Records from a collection
== Segment start ==

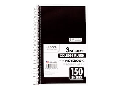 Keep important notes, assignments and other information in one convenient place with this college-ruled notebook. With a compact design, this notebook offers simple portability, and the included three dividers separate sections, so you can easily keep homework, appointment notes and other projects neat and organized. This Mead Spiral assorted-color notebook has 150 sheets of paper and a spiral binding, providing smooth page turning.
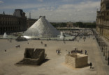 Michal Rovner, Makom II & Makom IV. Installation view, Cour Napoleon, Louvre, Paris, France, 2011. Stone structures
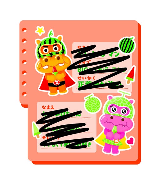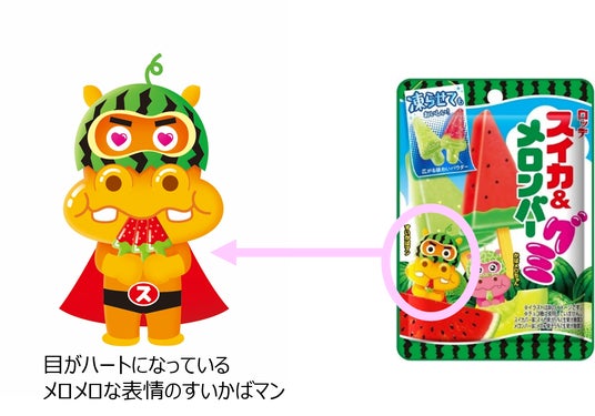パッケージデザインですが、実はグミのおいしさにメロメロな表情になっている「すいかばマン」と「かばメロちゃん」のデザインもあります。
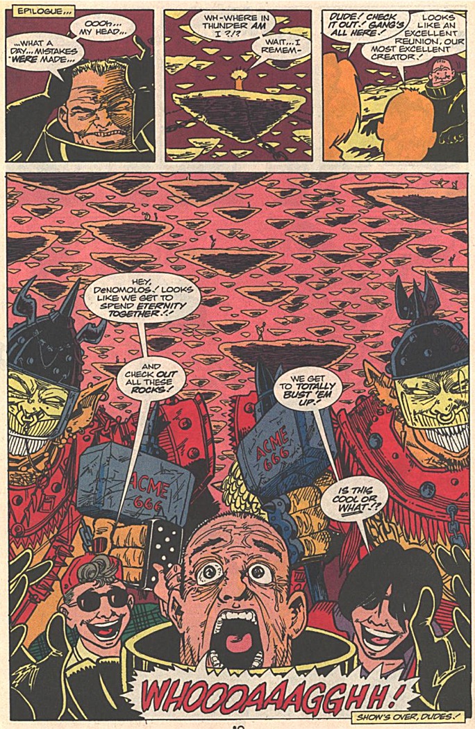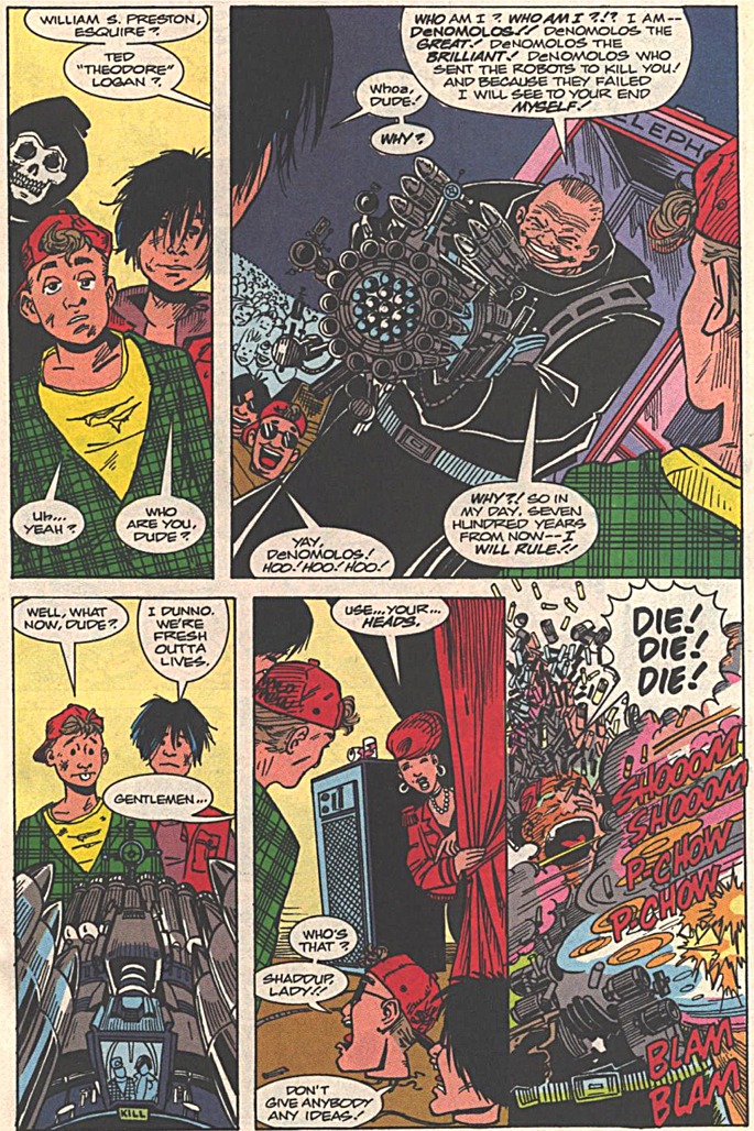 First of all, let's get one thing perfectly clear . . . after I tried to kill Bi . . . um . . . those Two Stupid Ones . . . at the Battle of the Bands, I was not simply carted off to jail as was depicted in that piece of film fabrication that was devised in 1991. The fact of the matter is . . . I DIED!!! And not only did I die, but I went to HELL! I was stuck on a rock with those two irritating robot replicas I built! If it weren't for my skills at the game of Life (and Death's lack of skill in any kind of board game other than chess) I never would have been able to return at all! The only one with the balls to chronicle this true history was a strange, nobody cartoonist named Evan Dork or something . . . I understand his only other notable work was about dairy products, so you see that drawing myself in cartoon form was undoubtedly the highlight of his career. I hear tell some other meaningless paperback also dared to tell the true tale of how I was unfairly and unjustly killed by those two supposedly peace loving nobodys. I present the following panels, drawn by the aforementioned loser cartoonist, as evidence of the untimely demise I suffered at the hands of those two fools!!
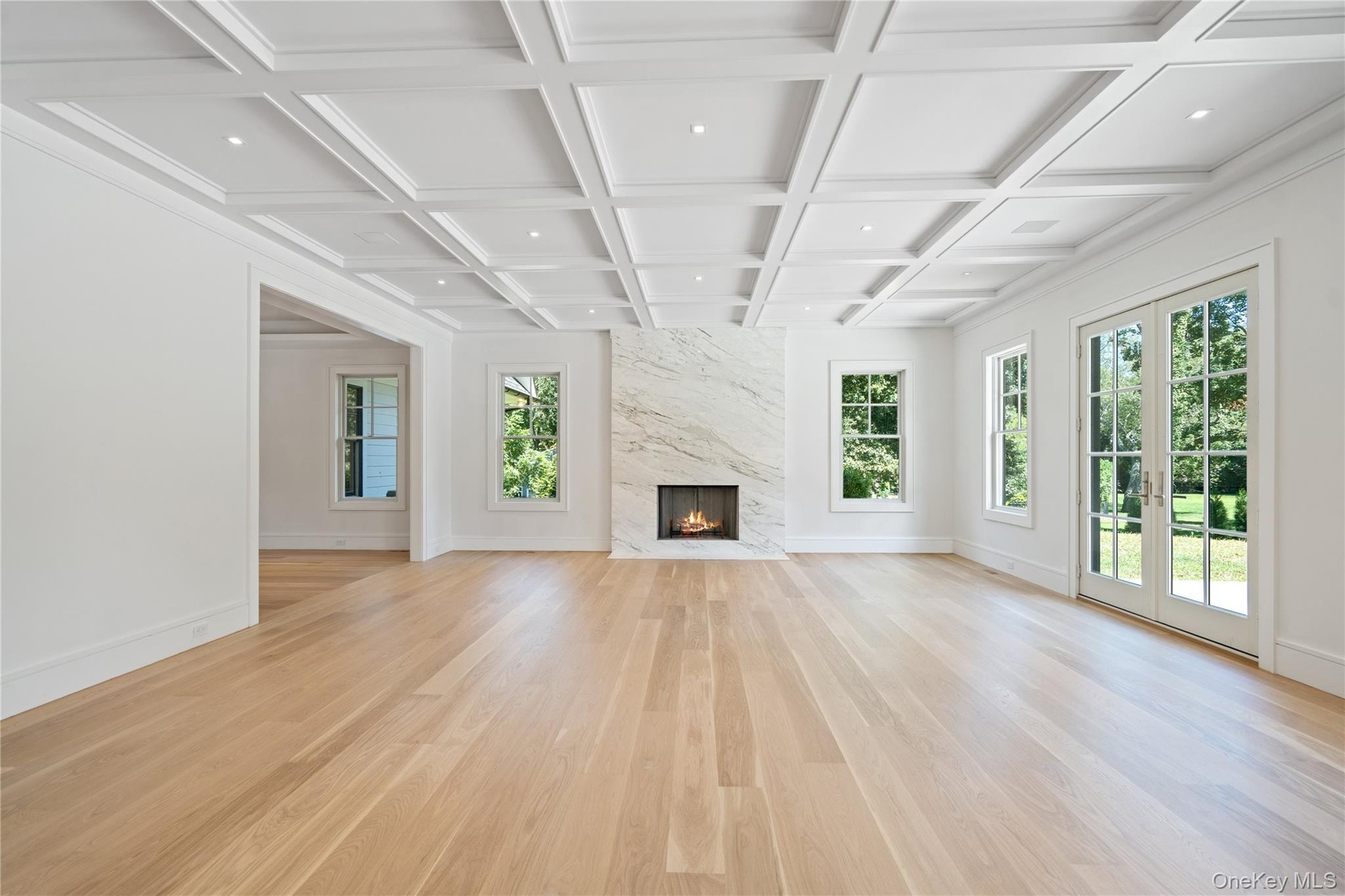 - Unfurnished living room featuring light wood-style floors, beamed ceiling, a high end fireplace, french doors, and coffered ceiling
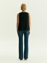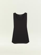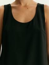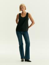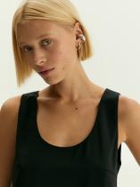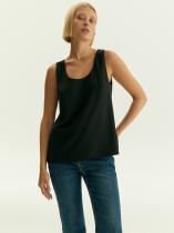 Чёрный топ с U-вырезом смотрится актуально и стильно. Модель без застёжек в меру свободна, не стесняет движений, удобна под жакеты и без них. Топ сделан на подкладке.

== Segment end ==

Your copy should hold every entry exactly as written, but none of the pictures.

 Keep important notes, assignments and other information in one convenient place with this college-ruled notebook. With a compact design, this notebook offers simple portability, and the included three dividers separate sections, so you can easily keep homework, appointment notes and other projects neat and organized. This Mead Spiral assorted-color notebook has 150 sheets of paper and a spiral binding, providing smooth page turning.
 Michal Rovner, Makom II & Makom IV. Installation view, Cour Napoleon, Louvre, Paris, France, 2011. Stone structures
パッケージデザインですが、実はグミのおいしさにメロメロな表情になっている「すいかばマン」と「かばメロちゃん」のデザインもあります。
 First of all, let's get one thing perfectly clear . . . after I tried to kill Bi . . . um . . . those Two Stupid Ones . . . at the Battle of the Bands, I was not simply carted off to jail as was depicted in that piece of film fabrication that was devised in 1991. The fact of the matter is . . . I DIED!!! And not only did I die, but I went to HELL! I was stuck on a rock with those two irritating robot replicas I built! If it weren't for my skills at the game of Life (and Death's lack of skill in any kind of board game other than chess) I never would have been able to return at all! The only one with the balls to chronicle this true history was a strange, nobody cartoonist named Evan Dork or something . . . I understand his only other notable work was about dairy products, so you see that drawing myself in cartoon form was undoubtedly the highlight of his career. I hear tell some other meaningless paperback also dared to tell the true tale of how I was unfairly and unjustly killed by those two supposedly peace loving nobodys. I present the following panels, drawn by the aforementioned loser cartoonist, as evidence of the untimely demise I suffered at the hands of those two fools!!
 - Unfurnished living room featuring light wood-style floors, beamed ceiling, a high end fireplace, french doors, and coffered ceiling
 Чёрный топ с U-вырезом смотрится актуально и стильно. Модель без застёжек в меру свободна, не стесняет движений, удобна под жакеты и без них. Топ сделан на подкладке.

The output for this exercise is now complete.